Я слышала, как папа вышел из комнаты. Внезапно под потолком раздалась автоматная очередь. Я почувствовала кожей шквал пуль, просвистевших мимо моего тела. Некоторые из них врезались в балки чердака над моей головой. Мне хотелось кричать. Но мама так крепко зажала мне рот рукой, что я не смогла бы издать ни звука, даже если бы захотела.
Ее дыхание было медленным и тихим. Я подстроилась и начала дышать синхронно с ней. В конце концов, мы услышали, как солдаты вышли из комнаты, и мама слегка ослабила хватку. Сквозь прогнившую деревянную доску в крыше пробивался луч света, и я смогла посмотреть вниз, на площадь.

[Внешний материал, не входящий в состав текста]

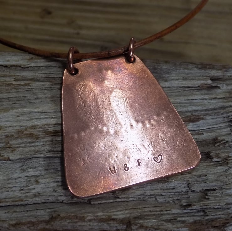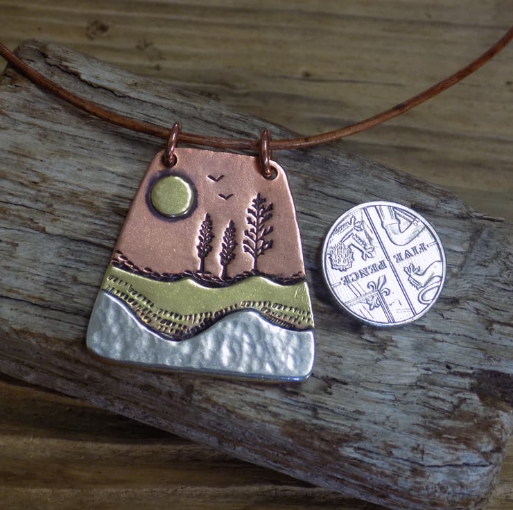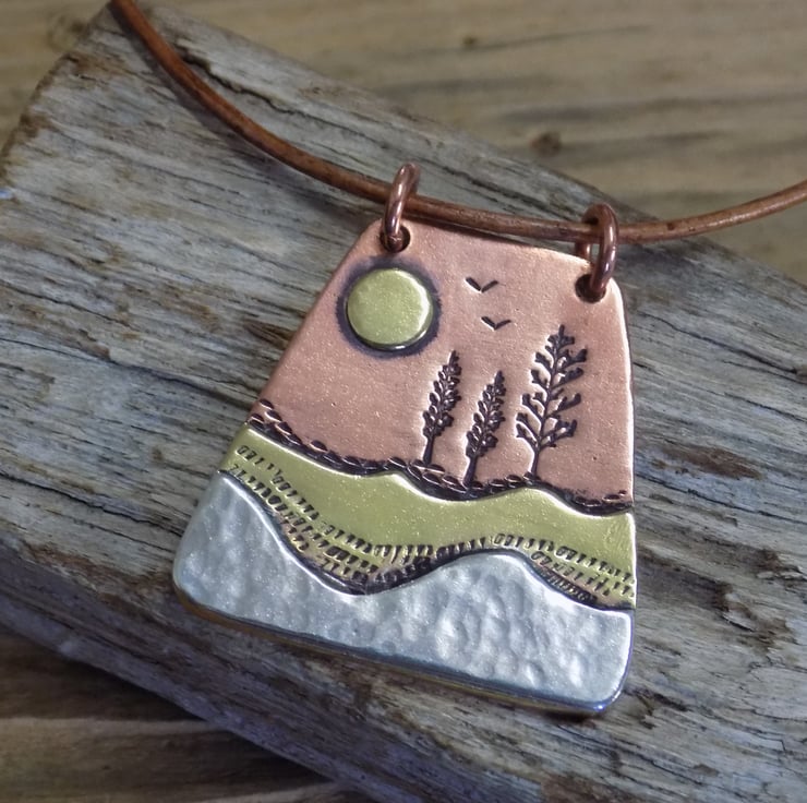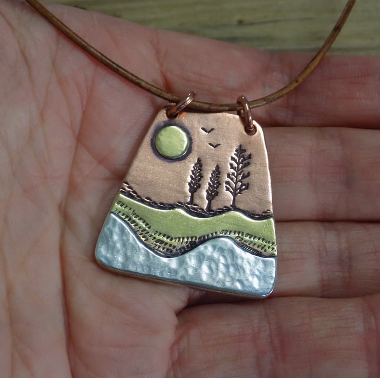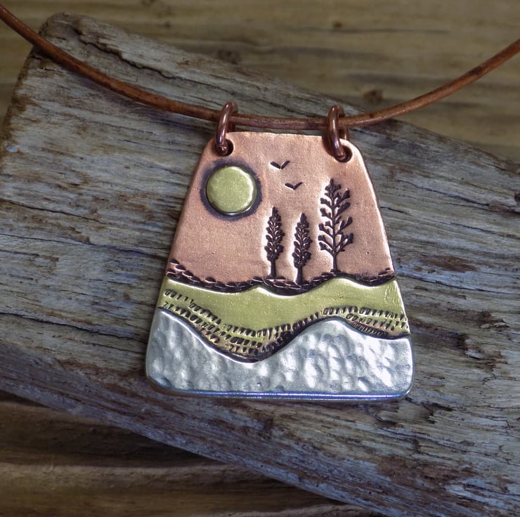 Made from thick copper overlaid with brass and sterling silver sheet . Made to look like an autumnal scene with golden hills and a silver dappled foreground. Nestled within the hills are a few stamped trees, and various tiny marks all applied individually to give character to the piece. Tiny birds and a golden sun set the scene. Suspended on a vintage brown leather cord adjustable from 18-20" with a lobster clasp closure.

Я отчетливо видела, как военные силой затаскивают детей в грузовики. Я думаю, что это были эсэсовцы — они выглядели так же, как солдаты во время резни в церкви Святого Вацлава в Томашув-Мазовецки.
Я увидела ребят, с которыми играла. Все они были примерно моего возраста — пяти, шести или семи лет. Теперь настало время для Отбора детей. Настало их время умирать, потому что нацисты ликвидировали лагерь, и в нем не было места для детей. Они превращали его в Kinderrein. Свободную от детей территорию. Очищенную.
Матери тщетно умоляли злодеев, пока те разлучали их с детьми. Если я сейчас закрою глаза и прокручу эту сцену в уме, то ясно услышу их отчаянные крики. Некоторые родители пытались забраться в грузовики вместе со своими детьми. Подняв оружие, солдаты заставили их отступить. Родители боролись за жизни своих детей, несмотря ни на что.
В тот день произошла еще одна сцена, которую я никогда не забуду, — «перетягивание каната» между матерью и нацистом. «Канатом» оказался ребенок. Мать сжимала верхнюю часть тела своего ребенка, держа его под мышками, в то время как убийца в униформе изо всех сил тянул ребенка за ноги. Ни один из них не хотел уступить. Они приложили такую силу, что разорвали малыша пополам.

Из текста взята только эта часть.